Lex and Clark smiled at the image on the monitor. The virtual reality that had Lionel trapped in its program with the help of some Kryptonite (which has oh so many uses that it boggles the mind) had been running for a week and seemed in no danger of crashing. "Clark, this makes up for everything that's ever happened between us. Best birthday present ever," said Lex with tears in his eyes.
Lana's parents talked to Dr. Foster as they watched their daughter sit in a padded cell from behind a one-way mirror. She was nodding and smiling to herself, whispering nonsensical phrases like "I don't know what to say to that" or "It's happening!" Mr. Lang turned to Dr. Foster. "What exactly is wrong with her?"
"I'm sorry but her mind's trapped in its own private world. She is truly one of the most delusional patients I've ever seen. According to her, you two are dead."
"Dead? I'm dead?" said Mr. Lang.
"Yes, she believes that both you and your wife died when she was three, killed by a stray meteorite and was put on the cover of Time magazine because of that tragedy. She lived with an imaginary Aunt Nell then moved in with Chloe Sullivan, her best friend."

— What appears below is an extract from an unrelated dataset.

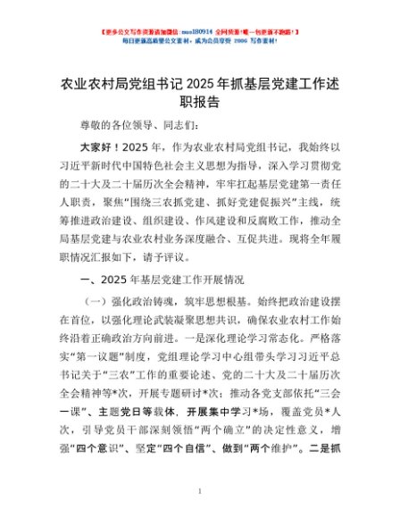 / 农业农村局党组书记2025年抓基层党建工作述职报告

Mr. Lang sighed, "She has never forgiven me for selling her pony Meteor when she was small. Talk about carrying a grudge."
"Chloe Sullivan?" said Mrs. Lang
"That's Lois Lane's real name," stated Dr. Foster. "In Lana's mind, she still lives in Smallville where she is friends with Lex Luthor, Clark Kent and Pete Ross."

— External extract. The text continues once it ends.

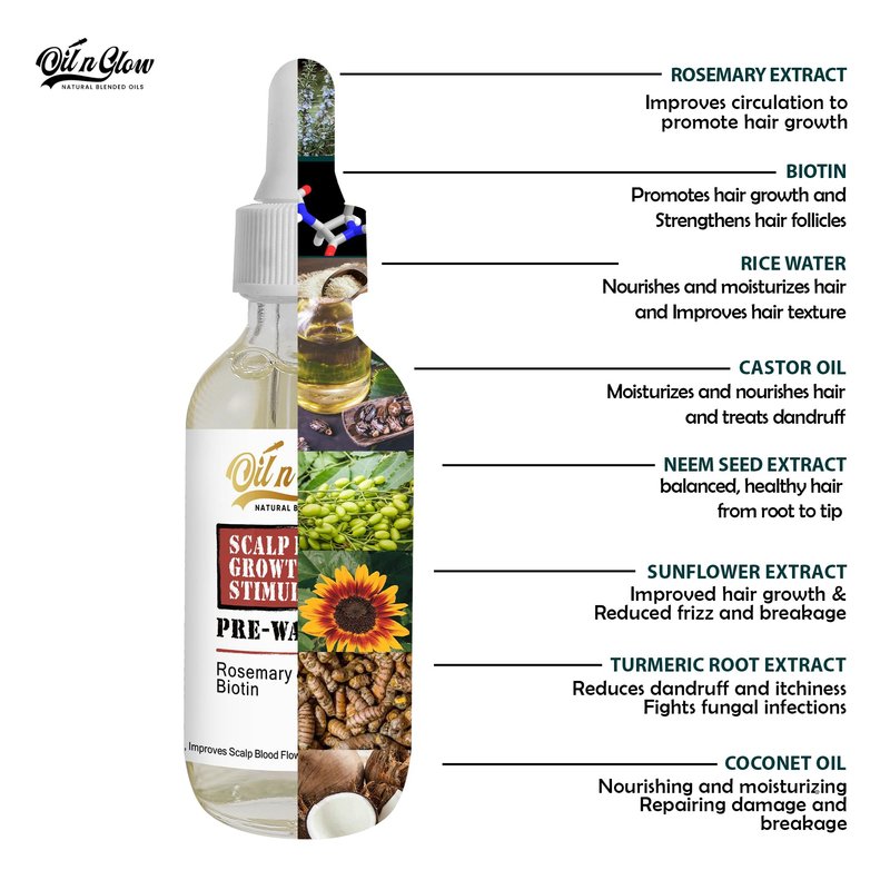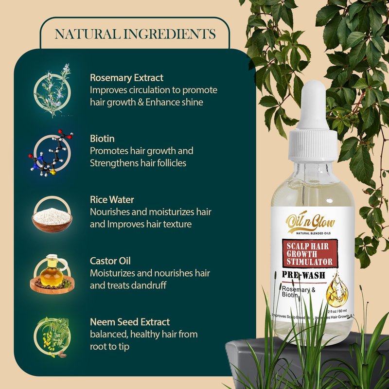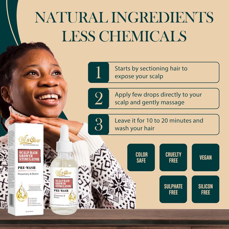 - For Hair Types: Oilnglow’s Rosemary pre-wash hair Oil for hair growth suits all hair types. It is a hair serum treatment integrating seamlessly into any hair care routine, addressing dry, itchy, or flaky scalps and scalp build-up, nourishing the scalp before shampooing.

Mrs. Lang frowned. "She believes she's friends with the President, the First Gentleman, and the Vice President? And she lives with the number one reporter of Metropolis?"
"Wow, talk about delusional," sighed Mr. Lang. "Can't believe she has me dead."

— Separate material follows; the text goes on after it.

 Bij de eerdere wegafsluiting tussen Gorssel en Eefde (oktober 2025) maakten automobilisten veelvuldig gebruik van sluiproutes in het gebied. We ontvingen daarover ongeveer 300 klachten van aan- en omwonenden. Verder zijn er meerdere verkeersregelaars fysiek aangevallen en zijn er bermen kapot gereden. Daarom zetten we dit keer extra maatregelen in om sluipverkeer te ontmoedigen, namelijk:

"What about her crying and screaming during the night?" said Mrs. Lang.
"Oh, in her fantasy world, she is all important so it's a given that every available man wants her. When her mood swings from mania to deep depression, the imaginary relationships start wonderfully then start to degenerate into paranoia fueled visions of violence. She appears to have the weirdest fixation on Clark Kent, where he's her most ardent admirer but the person most out of reach. She also believes he has magic powers."
"Yes, the Secret Service stopped by because they were tired of the way she kept writing Mr. Kent letters asking when he was going to marry her," said Mrs. Lang. "Why is her padded cell pink?"
Dr. Foster shrugged. "It calms her down and makes her happy. Do you happen to know what triggered this particular mental collapse?"
Mr. Lang sighed. "I believe it's when her ex-boyfriend Whitney Fordman, heir to the Fordman fortune, dumped her and declared his engagement to Adam Knight, Gotham socialite."
"So how was I?" said Lana Lang, dressed in a bubble gum pink dress with matching headband topped off with a powder blue sweater. She was holding a microphone and awaited the praise the judges were sure to give her.
Paula just stared at her with her mouth open, unable to say anything remotely nice. Randy hid behind a piece of paper, unable to look at that much pink.
Simon let her have it with double barrels. "That was absolutely ghastly. You can't sing, you can't dance and from your outfit, you can't dress yourself either."
"I wasn't perfect?" she said.
"If I were to let you sing any more on this show, never mind sign you for a record, I would be put on trial for crimes against humanity at the Hague," snapped Simon.
Chloe smiled as she watched the episode where they showcased the worst auditions. This was her best idea ever to get Lana audition for American Idol in Metropolis.